■ **INSTRUCTIONS FOR THE TASK**
Retype the whole listing verbatim and keep the pictures out of it.

■ **DATA BELOW**
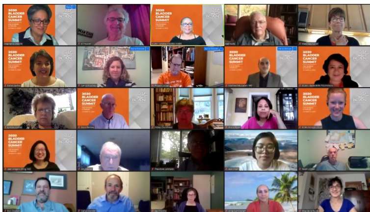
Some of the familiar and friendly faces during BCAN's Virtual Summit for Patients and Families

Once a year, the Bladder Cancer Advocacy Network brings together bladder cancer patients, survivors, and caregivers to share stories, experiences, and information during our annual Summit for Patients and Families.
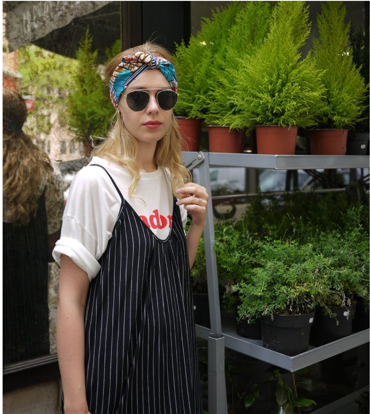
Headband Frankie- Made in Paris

■ **TASK ANSWER**
Some of the familiar and friendly faces during BCAN's Virtual Summit for Patients and Families

Once a year, the Bladder Cancer Advocacy Network brings together bladder cancer patients, survivors, and caregivers to share stories, experiences, and information during our annual Summit for Patients and Families.
Headband Frankie- Made in Paris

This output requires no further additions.